Page 37 of The Miller's Dance


  Paul fumbled in his pocket. ‘I came upon a mystery the other day. Travellers leave all sorts of things in coaches – gloves, canes, parasols, mittens, shoes, purses, reticules, newspapers, books, monthly magazines. As often as not they come back for them or send a servant. But they scarcely ever return for newspapers or magazines. Last month I was going through these – in time you get a pile and you can sell ’em for a few pence; people down here don’t mind their being out of date. Well, I was going through these, and one was The Morning Post for Monday, 23rd November.’

  ‘What’s that?’ asked Stephen. ‘Newspaper?’
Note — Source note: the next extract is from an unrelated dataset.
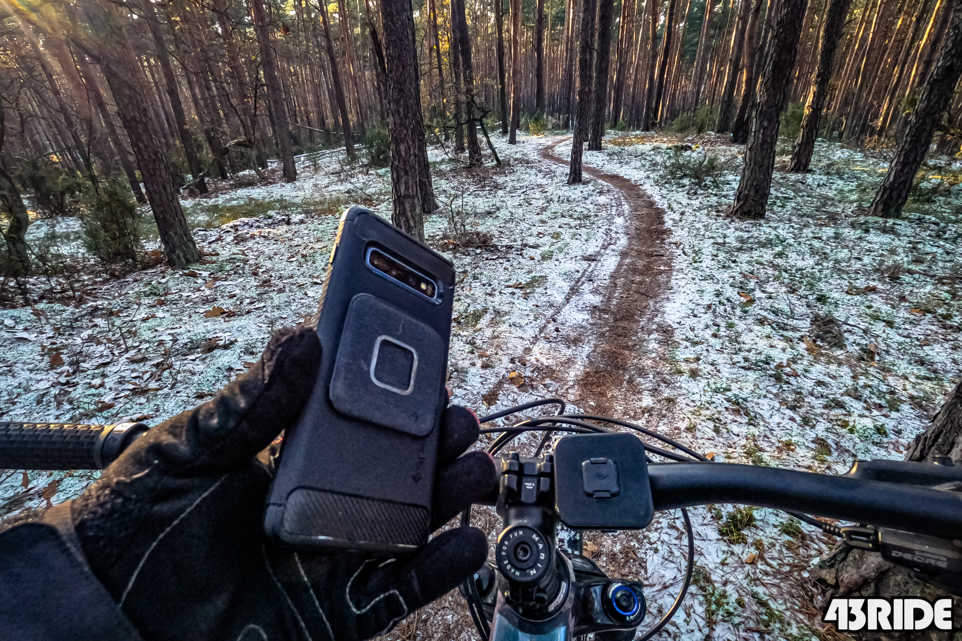 Universal Bar Mount jest to bardzo wygodne rozwiązanie zwłaszcza, że jego głowica obraca się o 360 stopni blokując w 32 różnych pozycjach. Daje to możliwość szybkiego obrotu wpiętego już telefonu o 90 stopni tak ,aby mniej wystawał poza obrys kierownicy, co minimalizuje możliwość zahaczenia go np. kolanem. Podczas jazdy w ostrym terenie uchwyt nieco pracuje na silikonowym pasku i cały telefon kiwa się delikatnie na boki. Nie jest to jednak nic wielkiego. Uchwyt nie wydaje żadnych większych odgłosów i nie odciąga uwagi od tego, co jest ważniejsze w danym momencie, czyli od pokonywanej trasy. Widziałem też opinie, że nawet lepiej aby uchwyt pracował, dzięki czemu amortyzuje to najmniejsze drgania, które mogą być szkodliwe dla samego telefonu. Zarówno mocowanie jak i mój smartfon przetrwały już ze mną bez strat różne wycieczki dłuższe i krótsze, konkretny łomot po kamieniach w Grecji czy szybką wycieczkę na trasy enduro w Trutnovie. Uchwytu używałem zarówno przy temperaturach powyżej 35 stopni, a ostatnio też podczas przymrozków i cały czas wszystko działa jak należy. Wiem, że mogę mu zaufać i że spokojnie jeszcze mi posłuży podczas wielu kolejnych rowerowych wypadów.

  ‘Yes. A London daily newspaper.’

  Stephen grunted and wiped his mouth on the back of his hand. ‘So.’

  ‘So it had a news item in it. Thought it might entertain you both, considering some of the wildcat discussions we’ve had together.’
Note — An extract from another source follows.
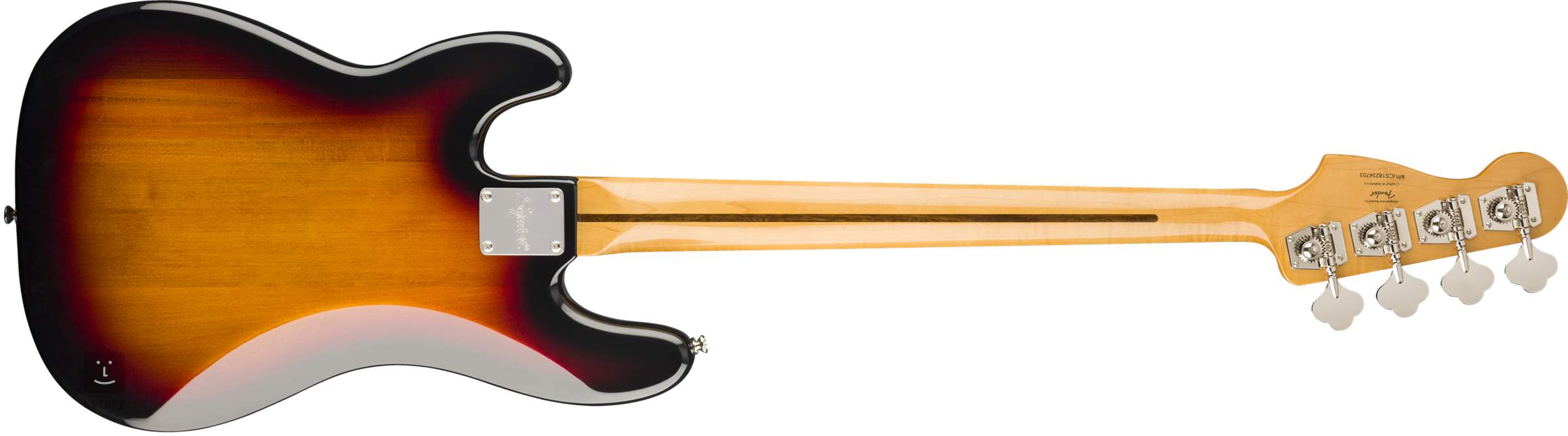 Die Saiten sind mit vier Stahlsteinen in der Kopfplatte verankert. Auf der anderen Seite des Instruments befinden sich Vintage Style Stimmmechaniken, die für maximale Stimmstabilität sorgen. Die Hardware ist aus Nickel und auf dem Korpus befindet sich ein vierlagiges Schlagbrett. Der Nullbund ist aus echtem Knochen gefertigt. Der Bass ist mit Fender NPS-Saiten der Stärke .045 - .105 bespannt.

  He brought out a wrinkled quarter-page of a newspaper, unfolded it. He studied it himself for a few moments, smoothing it with his hand, glanced at the others, hesitating whether to read it aloud, then pushed it towards them, between the beer tankards. They put their heads together and read it at the same time.

  It was headed: ‘Startling Robbery.’

  It has been the custom for several years for Messrs Coutts Bank to despatch money to their branch in Brighton by ‘The Blue Belle’, a coach run by the well-known and long established carriers, Bouverie, Cartwright & Baynes, who have their head offices in St Mary-le-bone. ‘The Blue Belle’ leaves the Star & Garter Hotel in Pall Mall each weekday at nine a.m.
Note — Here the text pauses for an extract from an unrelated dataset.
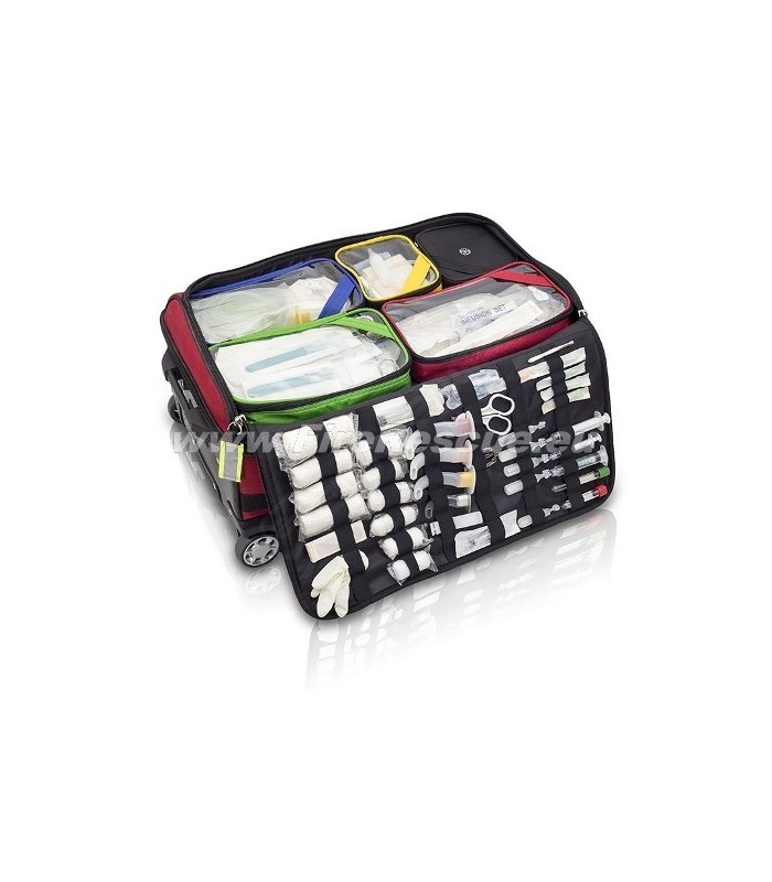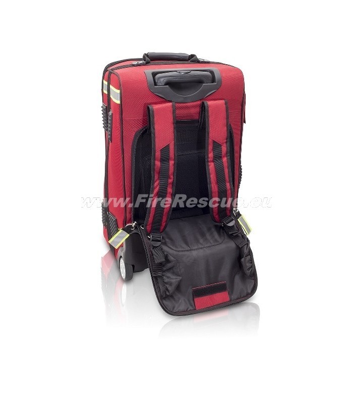 Velika reanimacijska torba za reševalce z vgrajenim vozičkom, omogoča udoben prevoz in dostop do potrebnih orodij za strokovnjake.
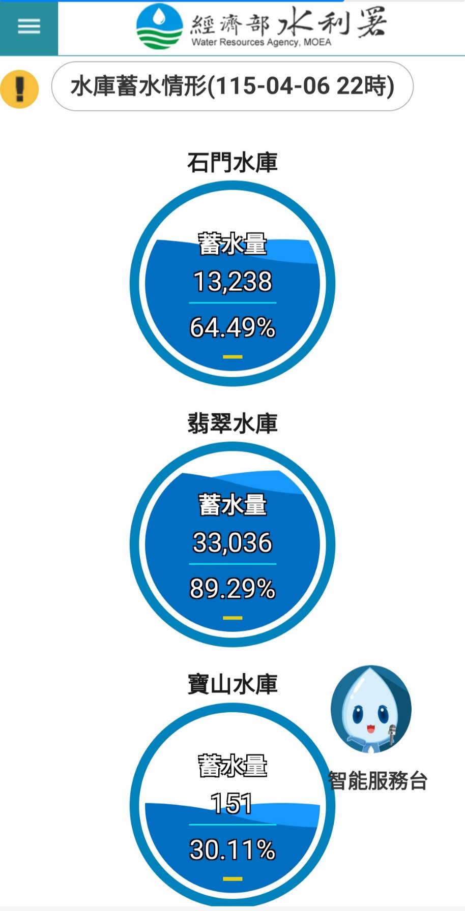 經濟部水利署公佈,全台灣北區、中區、南區,水庫目前蓄水率統計資料顯示,3月29日至4月6日對比,如下:

  On Monday last the 16th inst. the coach left as usual, with the cash-boxes in the padlocked compartment beneath the coachman’s seat. All six seats inside the coach were booked. Of these only two, a Mr and Mrs Pressby, arrived to take their seats at the point of departure. At Streatham a Mr Coningsby and a Mr Browne joined the coach as arranged, but the remaining two inside passengers failed to put in an appearance. When the coach stopped at the posting inn in Sutton Mrs Pressby was of a sudden taken ill and could proceed no farther. She and her husband were given accommodation at the inn and an apothecary summoned. The coach then proceeded on its way with eight outside passengers and two inside.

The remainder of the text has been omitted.